Tuesday, 15 March 2011

Triumph of the City

Much as I enjoy delving into the labyrinth that is fashion theory, I am also aware of its limitations as I progress with my research. Rather than there being one theory or set of ideas, instead I find myself dipping into several, and at this point in time, seemingly disconnected theories, ideas and concepts. Apart from which I am also increasingly aware of the ''healthiness'' of stepping outside of the usual comfort-zones of looking at what seems like the same old references in relation to field of fashion. With this in mind I was glad to have take the time yesterday to attend a lecture hosted at the London School of Economics and Political Science (hardly the usual haunt of the average fashion researcher!).
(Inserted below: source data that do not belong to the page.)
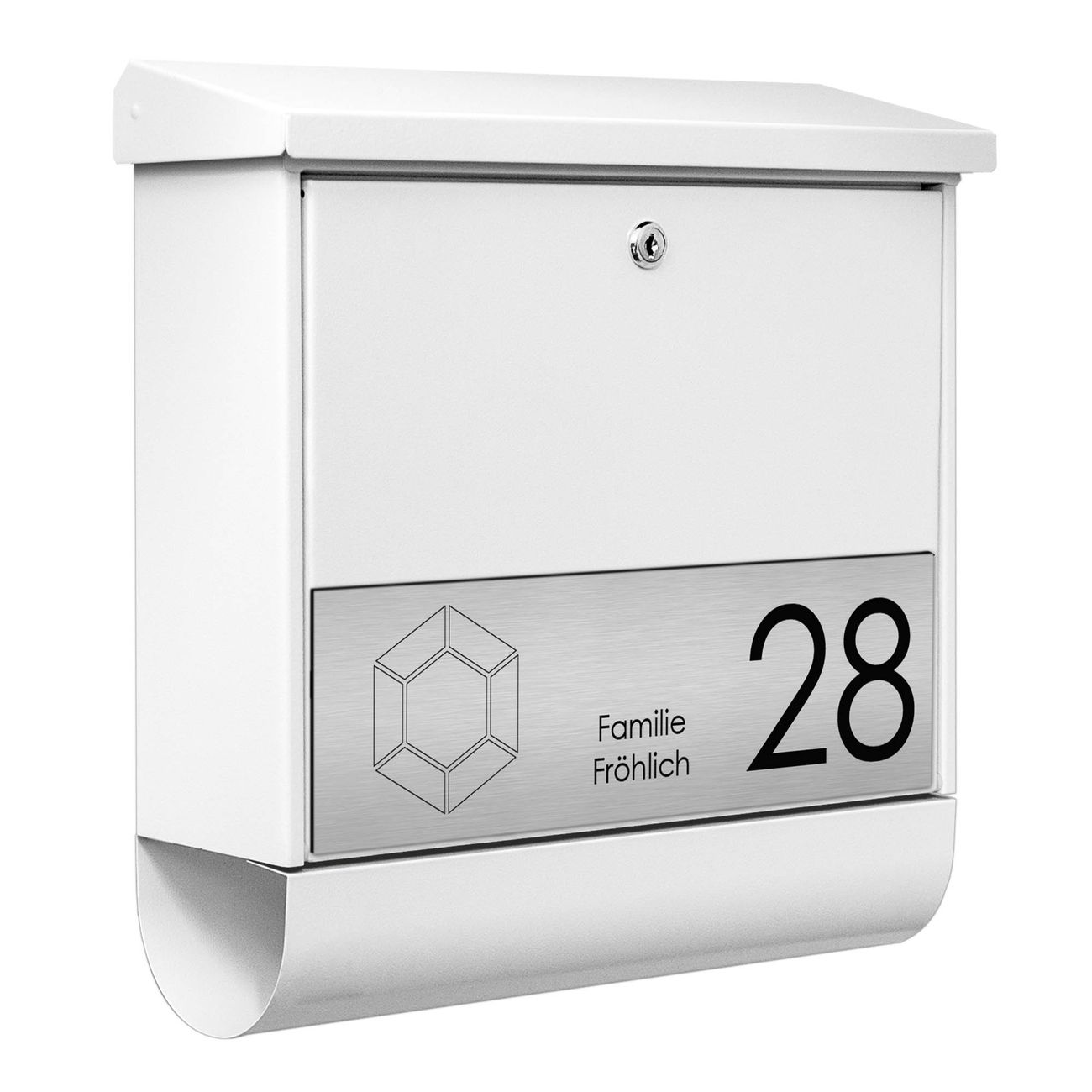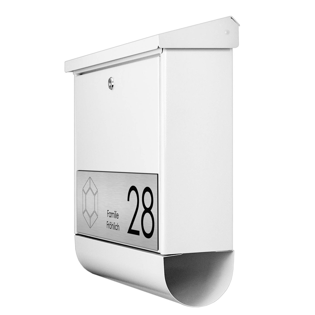 Der Briefkasten besteht aus Stahl, einem hochwertigen Material das äußerst unempfindlich gegenüber Witterungseinflüssen ist. Die Gravur Platte aus Acryl in Metall-Optik ist 33x10cm groß und schmückt die Vorderseite des Briefkastens. Das Material sieht Metall zum Verwechseln ähnlich und ist ebenso witterungsbeständig wie dieser. Durch das Bearbeiten erscheint an den gravierten Stellen die schwarze Unterschicht und hebt so in einem guten Kontrast ihren Wunschtext, Ihre Hausnummer und die Gravur immer ab. Der Postkasten ist 42,5cm hoch, 38cm breit und 11,5cm tief. Der Briefeinwurf ist 33,2cm x 3,1cm, Format DIN C4. Der Briefkasten wird mit Montagematerial und zwei Schlüsseln geliefert.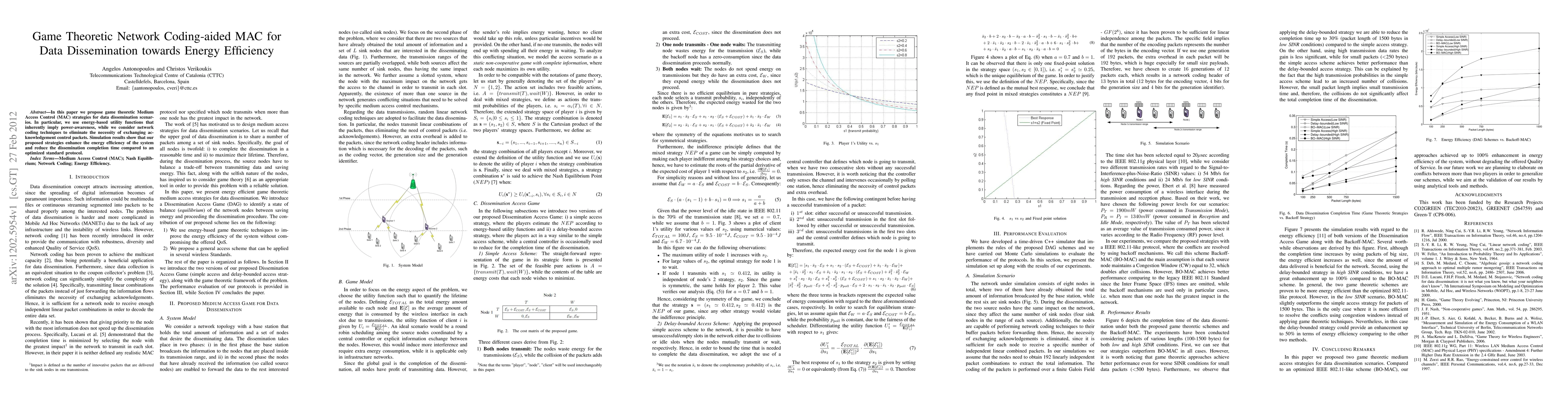 Researchers propose game-theoretic MAC strategies to improve energy efficiency in data dissemination systems, leveraging network coding to reduce acknowledgement packets.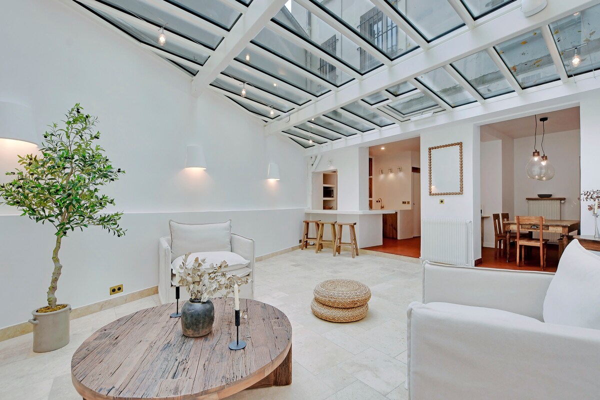 Lujoso e íntimo, este oasis urbano aislado se encuentra escondido en una calle residencial en la bulliciosa Bastilla, una de las zonas más auténticas y hípicas de París. Rodeado de muy buenos restaurantes, mercados de agricultores, tiendas de diseñadores y galerías de arte, ofrece todas las comodidades que encontrarías en un hotel de 5 estrellas, incluido un patio privado al aire libre aislado con su exuberante vegetación. La famosa Place des Vosges y Le Marais están a un paso de distancia.
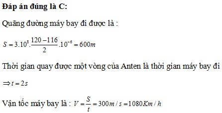Một ăng ten ra đa phát ra những sóng điện từ đến một máy bay đang bay về phía ra đa. Thời gian từ lúc ăng ten phát điện đến khi nhận sóng phản xạ trở lại là 120 µs, ăng ten quay với tốc độ 0,5 vòng/s. Ở vị trí đầu của vòng quay tiếp theo ứng với hưởng của máy bay, ăng ten lại phát sóng điện từ, thời gian từ lúc phát sóng đến lúc nhận lần này là116 µs. Tính vận tốc trung bình của máy bay, biết tốc độ truyền sóng điện từ trong không khí bằng 3.108 (m/s)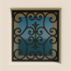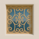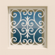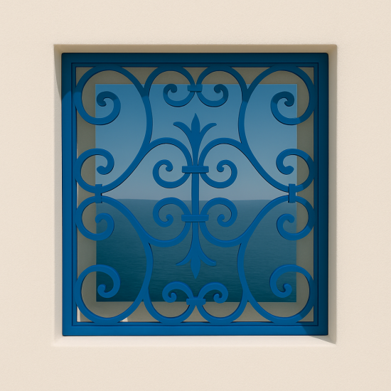 Κομψό κάγκελο ασφαλείας παραθύρου με περίτεχνα καμπύλα μοτίβα και διακοσμητικό ανθέμιο στο κέντρο, εμπνευσμένο από την παραδοσιακή βενετσιάνικη σφυρηλάτηση και τη μεσογειακή αισθητική.

Ostensibly set up to promote his new book of the same name Professor Edward L Glaeser's lecture ''Triumph of the City: how our greatest invention makes us richer, smarter, greener, healthier, happier'' proved to be a lively and topical discussion on the merits of the city. The main thrust of Glaser's discussion focused on the basic human and social needs through which cities have developed and continue to evolve: that of the need to be in contact, communicate and exchange ideas with our fellow human beings. Glaser referred to the ''paradox'' of today as being that while we are better connected today than ever before, with mobile phones, Twitter and Facebook et al we still retain the need, and desire, to cluster together in one place. He took Silicon Valley in California and also the recent up-risings in the North Africa as examples of situations where clustering together has led to important changes in, respectively, technology and politics. Yet the city as a conduit of ideas is not new, if as Glaeser, suggested we think back to ancient Athens and the cluster of great intellectual thinkers that inhabited the city at that time. Our greatest asset is our ability to learn from those we are amongst, and cities more readily facilitate that on a greater scale, what Glaeser referred to as the city's ''urban edge'' - the bringing of people together. Today this is perhaps more important as ideas become ever more complicated.

While speaking predominately from an economic point of view many of Glaeser's points also have a relevance to the developing cultural aspects of cities, and the thinking behind the ''clustering'' of specific industries and working professionals. In relation to fashion this can be viewed through the clustering of fashion in specific cities, notably the large ''Fashion Capitals'' Paris, London, Milan, New York and Tokyo. These are cities where not only fashion and textile designers are found but also trend forecasters, buyers, agents, fashion editors, photographers model agencies, and of course the events many of them can be found attending. These include shop launches, exhibition openings, catwalk shows and trade fairs. Here fashion professionals can come together and network, exchanging gossip, ideas and new leads about who or what is the next big thing. Glaeser's lecture proved extremely illuminating on the subject of what makes cities dynamic and still attractive to us all, yet it also high-lighted some of the problems cities face too. Very large cities, such as London, while a magnet for drawing in those looking to make their mark also suffer from their popularity. Or rather as Glaeser made clear, city authorities, government bodies and planning experts need to ensure that they are endeavouring to develop and encourage growth and innovation, rather than holding it back. Particularly in the case of London, the lack of capacity in terms of affordable housing and/or office/studio space is a key issue, in part because of a lack of building new property and also re-thinking what kind of properties need to be developed. Here in the UK the idea of the ''tower block'' is something taken out of a nightmare, yet in looking at the uses of space building up, rather than out, may be one of the solutions. Famed for its nurturing of fashion design talent and entrepreneurs in this field, this is something that remains a key consideration for London, and how its reputation for this may be continued in the future.